Ольга отпихнула его, освободилась.

– Дурак! Какой ты дурак! Мне больно.

– Я хотел, чтобы ты после меня не смогла.

– А я смогу!

            Они сидели совершенно голые по разным краям продавленного дивана. Молчали, словно, действительно, поссорились. И Мих думал, что никогда, ни с одной женщиной, он не чувствовал себя настолько обнаженным и беззащитным. Хотелось прикрыться хоть дымом – заслонить душу.

– Оль, дай сигаретку…

            Она подала пачку и стала одеваться.

– Не знаю, Миша, что это и как называется. Но для развлечения – слишком больно…

– Заживет, – сказал он.

            Выйдя из сауны, вызвали два разных такси.

            Плакаты «Любимая, я люблю», расклеенные на стенах, уже были разрисованы усами, бородами, рогами, членами, въезжающими в рот или взгроможденными на пышную прическу «любимой», но бигборды на высоких опорах, по-прежнему хранили целомудренность.

– А страшная эта телка, – прокомментировал таксист. – Страшная. А, говорят, стриптизершей работает в клубе каком-то.

            Мих отвернулся. Казалось, что уже несколько месяцев вертится вокруг тех же ситуаций, в кругу тех же мыслей, по тем же осям. Заклинило.

– Мог бы предупредить, что ночевать не придешь! – мама укоризненно покачала головой.

– Извини, извини. Фуршет же был. Вылетело из головы.

            Он еще пытался что-то сказать, пока она не отвернулась, не махнула рукой, не ушла к себе.

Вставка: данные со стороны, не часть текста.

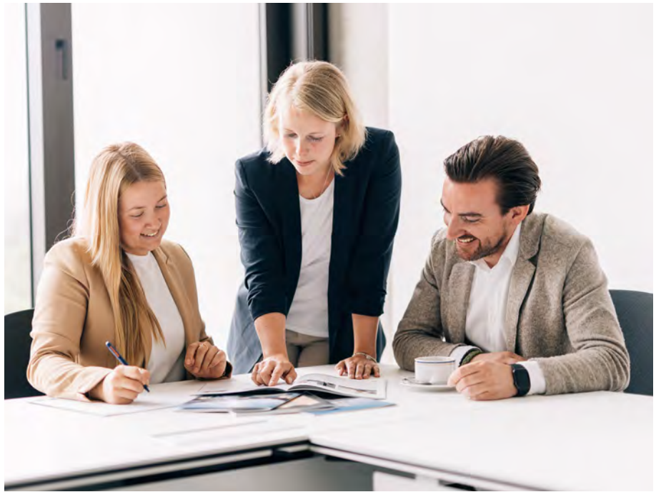
The Hörmann Forum offers perfect conditions for seminars and training courses.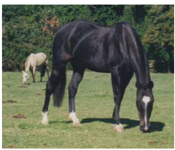
Gosh, the latest homebred addition to the school string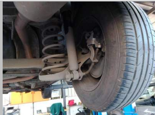
RR TYRE TREAD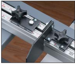
▲ Dual scales and dual stop blocks make the Rousseau easily adaptable to a wide range of board lengths.

The Rousseau HD, with an optional support wing and stop system, is an all-inclusive stand that's definitely at home in a shop. But on a job site it becomes a bit much to move because of its massive size and elaborate set-up and knockdown procedures.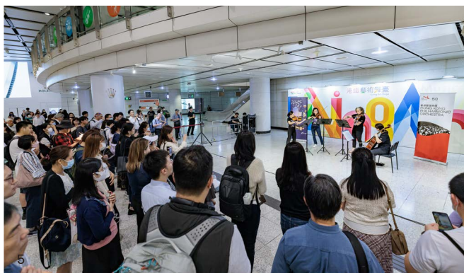
4-5 | 港樂Rhythm of the City社區演出，遊走香港各個文化地標及商場，讓美樂走進社區，慶祝樂團金禧誌慶，最後一場演出在2024年4月15日，於港鐵香港站圓滿結束。Rhythm of the City: Community Performances took place in Hong Kong's cultural landmarks and shopping malls, fitting as a joyous way to celebrate the HK Phil's 50 th birthday; it concluded with the performance at the MTR Hong Kong station on 15 April 2024.

– И где ты был? – спросила она.

– У… девчонки одной.

            Тамара Васильевна опустилась в кресло.

– Мам, не волнуйся.

            Она молчала.

– А ты никогда не писала ему?

– Кому?

– Отцу.

– Отцу? Зачем? – она искренне удивилась.

– А я писал. Одно большое письмо писал. Заново начинал, продолжал. Письмо росло и росло. Одни события устаревали, и я их вычеркивал, добавлял другие. И не выслал, конечно. Я и адреса его не знаю.

– Ты хочешь, чтобы я нашла тебе адрес? – она раздраженно поднялась, оправила складки халата.

– Нет. Может, тогда и хотел. А потом я сам очень много писем таких прочел – в консультации. Все неотосланные письма похожи. И мне казалось, что если бы писала ты – это были бы какие-то очень правильные письма, сдержанные, очень умные письма…

– Вообще не понимаю, к чему ты это – так вдруг.

– А ты почувствуешь, когда он умрет?

            Она молчала.

– Я боюсь, что я не почувствую. Я точно знаю, что я не ничего не почувствую, – сказал Мих. – И я не уверен, что он еще жив.

– Я вообще о нем не думаю. Жив, мертв – какая  разница? – Тамара Васильевна дернула плечами. – Ничего такого у нас с ним и не было – общего. Ну, кроме тебя.

            Мих кивнул. Он был общим. Он был и есть – общая память о том, что, кроме него, не было ничего общего.


30. ЖАРЕНОЕ МОРОЖЕНОЕ

            С самого утра в коридоре караулил Пантин. Протопал за Михом в кабинет.

– Михаил Александрович, бухгалтер все пересчитала. Действительно, ошиблась.

            Выложил четыре знакомых конверта – значительно утолщенные, как потом убедился Мих, с совершенно другими суммами.

– Я надеюсь, подобной ошибки больше не повторится? – спросил Мих напрямую.

            Пантелеевич выкатил наивные глаза – до  глубины души обиженного человека.

– Миша, я все лично проконтролирую! И, может, поужинаем в знак… исчерпания инцидента? Все за мой счет – без вопросов.

            Мих взглянул озадаченно. Василий Пантелеевич немного ссутулился, ожидая ответа, рассматривал что-то за окном, отвернувшись от него.

– Конечно, с удовольствием, – кивнул Мих.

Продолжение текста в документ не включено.